Back to training for the Sails of Change crew

Yesterday afternoon, the crew of the maxi-trimaran, Sails of Change, set sail for the second time this week. As soon as they passed the Petit-Trého port channel buoy and hoisted the mainsail, the maxi-trimaran skippered by Yann Guichard headed south-east. Under a bright sun, the 13 crew members unfurled the large gennaker of the largest ocean racing trimaran in the world and were able to start 18 hours of training towards Arcachon.

Route of the maxi-trimaran Sails of Change skippered by Yann Guichard.

Yann Guichard says: “This week, we went sailing for the first time since the end of our Jules Verne Trophy stand-by. I think everyone is glad to be reunited and to sail together again. Yesterday, we left Quiberon Bay in the early afternoon with little wind. But it quickly picked up, reaching 34 knots in a gust. The sea became rougher too, with short waves. It was a bit hard for everyone to get back into the swing of things so quickly, but it was interesting to sail in these more challenging conditions. Despite the wind, it was a beautiful night with an almost full moon, no clouds on the horizon and amazing light. On board, we welcomed two new crew members who are testing for the new season. At the same time, we carried out different tests on the batteries, the consumption on board, the energy production with the bike, the wind generator, etc. Finally, we put in place old sails that were cut this winter, and new sails that we have just received, in order to test them under different configurations. Next week, we will sail again to continue to gain experience together, and to fine-tune the final adjustments on board the boat.

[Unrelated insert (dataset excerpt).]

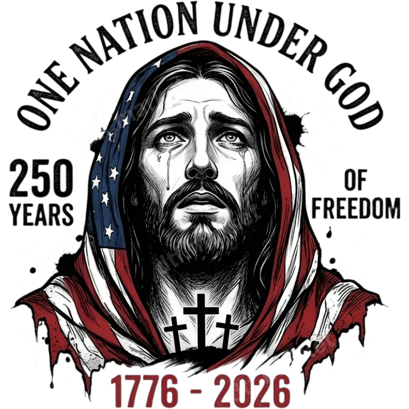 See allThis powerful DTF transfer features a poignant illustration of Jesus Christ, his face showing deep emotion, draped in the Stars and Stripes of the American flag. Below him, three crosses stand, symbolizing sacrifice and faith, while the design is framed by the impactful declaration "ONE NATION UNDER GOD" and "250 YEARS OF FREEDOM 1776-2026." This ready to press design evokes a strong sense of patriotic faith and reflection on American history, making a profound statement. This moving heat press transfer is ideal for individuals who want to express their Christian faith and American patriotism. It's perfect for celebrations like the 4th of July, Memorial Day, or any occasion honoring national heritage and spiritual values. An excellent gift idea for veterans, church groups, or anyone who deeply values the foundational principles of the United States. Use this iron on transfer to create meaningful apparel for yourself or loved ones. Our high-quality direct to film transfer is designed for effortless application on a wide range of materials, including cotton, polyester, and various fabric blends. Achieve professional results using a heat press set at 300-325°F for just 15 seconds with medium pressure. No specialized weeding is required, making your customization process quick and clean. It’s also suitable for application with a household iron with careful technique for a crisp shirt design. Every apparel transfer is produced with vibrant, long-lasting inks that resist cracking and peeling, ensuring your designs look great wash after wash. The soft-touch finish integrates seamlessly with fabric, providing comfort and durability. Our professional-grade DTF film offers superior adhesive properties, guaranteeing a crisp, detailed design that stands the test of time, reflecting your devotion and pride.
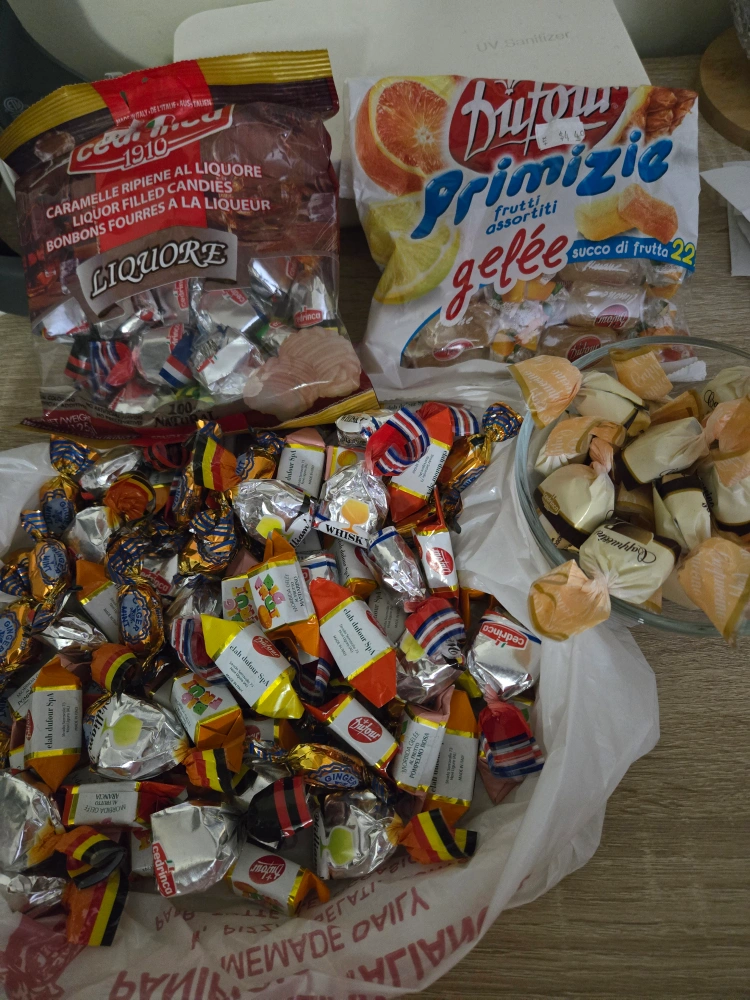 Bag of assorted Italian candies. Includes liqueur-filled candies, jelly candies and hard candies. Variety of flavours.

Jackson Bouttell at the masthead of the maxi-trimaran Sails of Change

The objective for Yann Guichard is to be ready for April 15th. The crew will be on stand-by again for a month,to consider a record attempt on the Discovery Route (transatlantic race from East to West, between Cadiz in Spain and San Salvador in the Bahamas). The record to beat is of 6 days, 14 hours, 29 minutes and 21 seconds – and both Yann and the crew know it well, as they have held it since November 6, 2013!